MATERIAL TO PROCESS:
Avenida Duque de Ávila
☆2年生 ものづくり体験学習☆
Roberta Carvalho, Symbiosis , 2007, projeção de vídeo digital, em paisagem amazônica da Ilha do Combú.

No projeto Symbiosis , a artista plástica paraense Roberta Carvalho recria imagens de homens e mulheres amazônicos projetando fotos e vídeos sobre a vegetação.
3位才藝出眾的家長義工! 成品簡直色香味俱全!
* * *
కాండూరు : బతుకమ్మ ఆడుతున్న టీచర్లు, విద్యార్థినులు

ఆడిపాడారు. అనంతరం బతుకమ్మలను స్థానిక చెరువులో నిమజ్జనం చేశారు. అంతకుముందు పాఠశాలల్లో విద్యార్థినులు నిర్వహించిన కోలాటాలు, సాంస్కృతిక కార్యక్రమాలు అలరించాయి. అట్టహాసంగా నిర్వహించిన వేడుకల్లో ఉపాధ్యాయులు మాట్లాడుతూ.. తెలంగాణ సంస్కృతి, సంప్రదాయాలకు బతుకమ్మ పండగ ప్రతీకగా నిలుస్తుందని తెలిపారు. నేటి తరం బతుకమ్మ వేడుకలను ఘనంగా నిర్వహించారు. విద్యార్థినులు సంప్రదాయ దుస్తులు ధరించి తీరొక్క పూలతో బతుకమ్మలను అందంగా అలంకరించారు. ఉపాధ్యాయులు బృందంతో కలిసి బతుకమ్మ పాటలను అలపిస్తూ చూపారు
--
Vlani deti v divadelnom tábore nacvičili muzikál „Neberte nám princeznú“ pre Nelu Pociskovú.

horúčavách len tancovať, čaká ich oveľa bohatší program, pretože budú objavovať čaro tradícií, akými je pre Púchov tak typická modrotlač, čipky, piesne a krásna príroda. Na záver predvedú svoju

WHAT YOU SHOULD DO: Look above for the line holding "Avenida Duque de Ávila" and the line holding "3位才藝出眾的家長義工! 成品簡直色香味俱全!". Retype both, and every line between them, word for word and nothing else.

EXERCISE SOLUTION:
Avenida Duque de Ávila
☆2年生 ものづくり体験学習☆
Roberta Carvalho, Symbiosis , 2007, projeção de vídeo digital, em paisagem amazônica da Ilha do Combú.

No projeto Symbiosis , a artista plástica paraense Roberta Carvalho recria imagens de homens e mulheres amazônicos projetando fotos e vídeos sobre a vegetação.
3位才藝出眾的家長義工! 成品簡直色香味俱全!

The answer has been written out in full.